WHAT THE EXERCISE ASKS =>
Output must consist only of the lines of the material below from the one with "Zapraszamy na IX" through the one with "Women's Waffle Knit", each reproduced exactly; no pictures belong in it.

DATASET EXCERPTS =>
*** Begin section ***
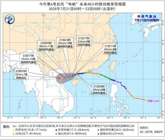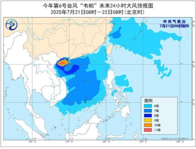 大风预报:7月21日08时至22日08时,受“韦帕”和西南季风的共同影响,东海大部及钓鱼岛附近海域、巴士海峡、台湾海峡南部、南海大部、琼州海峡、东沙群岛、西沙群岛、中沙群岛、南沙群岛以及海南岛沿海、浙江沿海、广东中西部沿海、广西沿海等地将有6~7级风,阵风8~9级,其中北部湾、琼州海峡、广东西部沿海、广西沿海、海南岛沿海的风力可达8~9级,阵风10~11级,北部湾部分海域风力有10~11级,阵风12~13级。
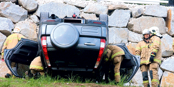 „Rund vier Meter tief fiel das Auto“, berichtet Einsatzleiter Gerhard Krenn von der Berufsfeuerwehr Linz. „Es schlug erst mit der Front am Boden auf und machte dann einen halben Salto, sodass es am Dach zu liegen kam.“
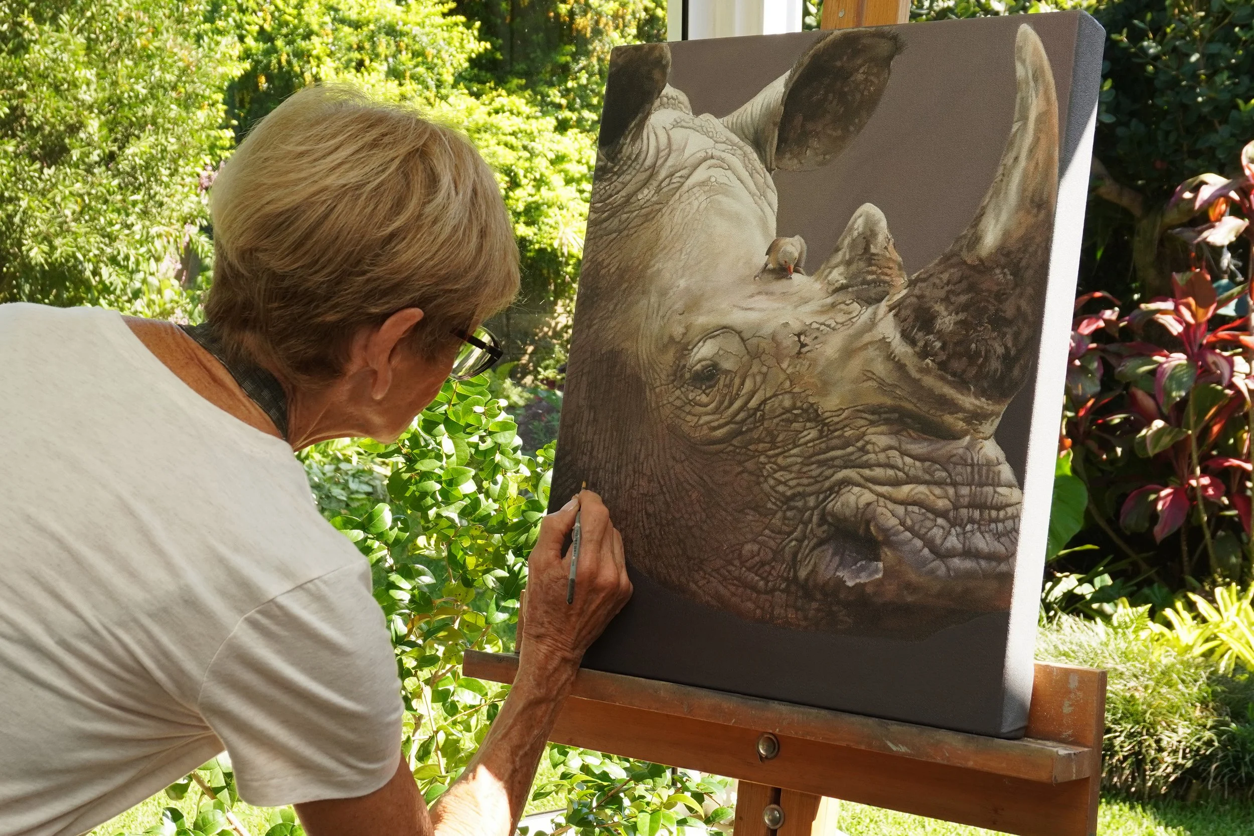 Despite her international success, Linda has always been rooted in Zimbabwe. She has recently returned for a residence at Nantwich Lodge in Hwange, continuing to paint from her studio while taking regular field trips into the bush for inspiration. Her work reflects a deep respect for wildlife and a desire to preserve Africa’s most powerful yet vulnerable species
*** End section ***
*** Begin section ***
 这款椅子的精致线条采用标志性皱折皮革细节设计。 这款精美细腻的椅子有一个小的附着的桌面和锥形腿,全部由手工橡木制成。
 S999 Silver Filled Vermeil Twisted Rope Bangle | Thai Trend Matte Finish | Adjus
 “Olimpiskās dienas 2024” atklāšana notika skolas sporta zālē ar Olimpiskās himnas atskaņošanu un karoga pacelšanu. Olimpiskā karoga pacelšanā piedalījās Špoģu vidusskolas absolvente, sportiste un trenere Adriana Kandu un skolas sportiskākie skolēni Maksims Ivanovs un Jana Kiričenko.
*** End section ***
*** Begin section ***
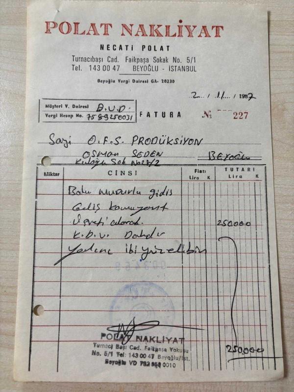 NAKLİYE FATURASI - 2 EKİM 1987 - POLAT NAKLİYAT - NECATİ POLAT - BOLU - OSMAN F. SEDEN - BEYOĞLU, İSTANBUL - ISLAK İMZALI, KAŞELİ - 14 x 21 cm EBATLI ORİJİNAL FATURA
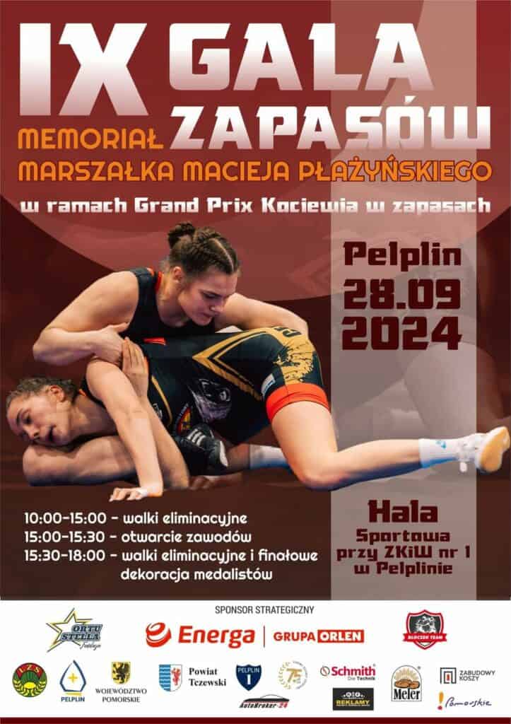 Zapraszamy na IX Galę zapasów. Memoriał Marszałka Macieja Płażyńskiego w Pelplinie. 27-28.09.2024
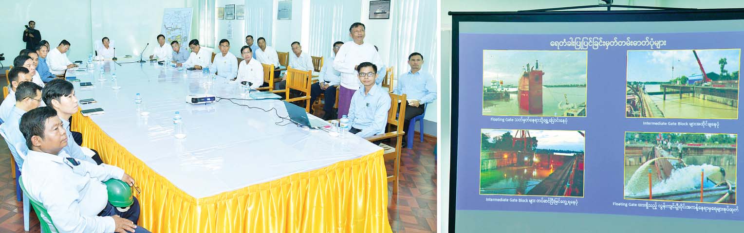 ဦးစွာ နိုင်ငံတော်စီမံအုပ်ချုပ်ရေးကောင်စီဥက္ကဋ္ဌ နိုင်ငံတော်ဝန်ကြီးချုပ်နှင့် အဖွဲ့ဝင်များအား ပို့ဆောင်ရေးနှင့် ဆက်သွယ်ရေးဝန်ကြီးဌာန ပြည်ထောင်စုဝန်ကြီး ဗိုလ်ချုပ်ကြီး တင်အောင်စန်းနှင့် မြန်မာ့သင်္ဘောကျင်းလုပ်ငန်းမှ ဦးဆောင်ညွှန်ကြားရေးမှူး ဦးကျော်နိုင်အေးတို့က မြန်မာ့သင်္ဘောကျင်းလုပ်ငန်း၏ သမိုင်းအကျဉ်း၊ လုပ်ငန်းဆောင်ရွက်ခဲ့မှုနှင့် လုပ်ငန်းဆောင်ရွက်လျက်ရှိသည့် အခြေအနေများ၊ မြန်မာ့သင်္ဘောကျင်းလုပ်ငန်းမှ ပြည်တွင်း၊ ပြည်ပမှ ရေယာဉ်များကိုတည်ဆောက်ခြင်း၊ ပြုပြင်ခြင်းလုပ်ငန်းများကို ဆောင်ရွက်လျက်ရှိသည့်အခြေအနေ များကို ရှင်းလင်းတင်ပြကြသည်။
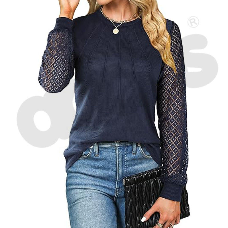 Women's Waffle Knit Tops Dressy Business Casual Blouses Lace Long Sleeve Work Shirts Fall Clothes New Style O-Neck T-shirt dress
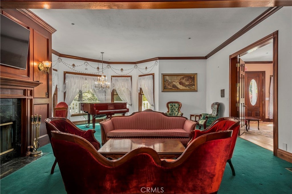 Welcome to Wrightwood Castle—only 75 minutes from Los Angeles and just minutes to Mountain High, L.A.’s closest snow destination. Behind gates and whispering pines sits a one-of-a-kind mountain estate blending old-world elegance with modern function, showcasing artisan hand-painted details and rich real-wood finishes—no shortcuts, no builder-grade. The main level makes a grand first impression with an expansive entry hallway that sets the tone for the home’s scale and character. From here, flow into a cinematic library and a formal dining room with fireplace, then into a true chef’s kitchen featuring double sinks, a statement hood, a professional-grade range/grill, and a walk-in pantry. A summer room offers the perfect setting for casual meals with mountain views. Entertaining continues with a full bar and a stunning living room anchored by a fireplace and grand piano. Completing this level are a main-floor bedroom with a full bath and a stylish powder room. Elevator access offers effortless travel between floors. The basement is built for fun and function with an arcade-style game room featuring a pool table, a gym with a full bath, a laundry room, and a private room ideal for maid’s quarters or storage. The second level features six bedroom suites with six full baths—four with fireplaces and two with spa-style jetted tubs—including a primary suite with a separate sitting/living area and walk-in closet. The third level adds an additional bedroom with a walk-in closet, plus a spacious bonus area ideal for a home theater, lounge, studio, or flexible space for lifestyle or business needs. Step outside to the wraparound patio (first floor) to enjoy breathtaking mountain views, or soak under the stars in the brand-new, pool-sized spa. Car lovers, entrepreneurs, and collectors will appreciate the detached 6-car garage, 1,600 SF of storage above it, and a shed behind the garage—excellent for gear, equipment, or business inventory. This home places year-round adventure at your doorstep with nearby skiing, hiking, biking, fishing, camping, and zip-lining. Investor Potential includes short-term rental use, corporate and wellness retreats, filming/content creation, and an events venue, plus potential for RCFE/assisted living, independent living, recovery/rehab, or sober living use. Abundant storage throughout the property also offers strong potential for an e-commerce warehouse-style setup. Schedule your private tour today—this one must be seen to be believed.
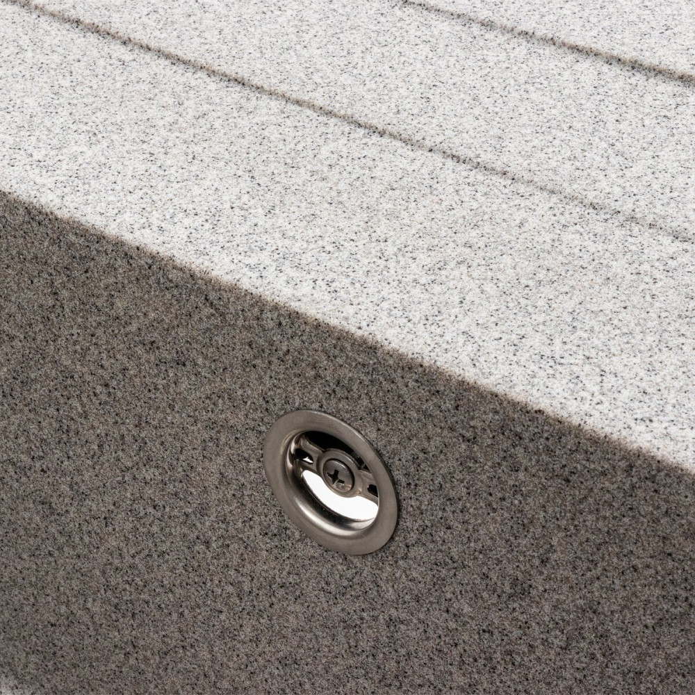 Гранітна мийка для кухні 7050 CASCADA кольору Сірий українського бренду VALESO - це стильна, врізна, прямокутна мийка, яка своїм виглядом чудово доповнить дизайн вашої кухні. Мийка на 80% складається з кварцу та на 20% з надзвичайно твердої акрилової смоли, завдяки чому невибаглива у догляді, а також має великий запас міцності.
*** End section ***
EXERCISE ANSWER =>
 Zapraszamy na IX Galę zapasów. Memoriał Marszałka Macieja Płażyńskiego w Pelplinie. 27-28.09.2024
 ဦးစွာ နိုင်ငံတော်စီမံအုပ်ချုပ်ရေးကောင်စီဥက္ကဋ္ဌ နိုင်ငံတော်ဝန်ကြီးချုပ်နှင့် အဖွဲ့ဝင်များအား ပို့ဆောင်ရေးနှင့် ဆက်သွယ်ရေးဝန်ကြီးဌာန ပြည်ထောင်စုဝန်ကြီး ဗိုလ်ချုပ်ကြီး တင်အောင်စန်းနှင့် မြန်မာ့သင်္ဘောကျင်းလုပ်ငန်းမှ ဦးဆောင်ညွှန်ကြားရေးမှူး ဦးကျော်နိုင်အေးတို့က မြန်မာ့သင်္ဘောကျင်းလုပ်ငန်း၏ သမိုင်းအကျဉ်း၊ လုပ်ငန်းဆောင်ရွက်ခဲ့မှုနှင့် လုပ်ငန်းဆောင်ရွက်လျက်ရှိသည့် အခြေအနေများ၊ မြန်မာ့သင်္ဘောကျင်းလုပ်ငန်းမှ ပြည်တွင်း၊ ပြည်ပမှ ရေယာဉ်များကိုတည်ဆောက်ခြင်း၊ ပြုပြင်ခြင်းလုပ်ငန်းများကို ဆောင်ရွက်လျက်ရှိသည့်အခြေအနေ များကို ရှင်းလင်းတင်ပြကြသည်။
 Women's Waffle Knit Tops Dressy Business Casual Blouses Lace Long Sleeve Work Shirts Fall Clothes New Style O-Neck T-shirt dress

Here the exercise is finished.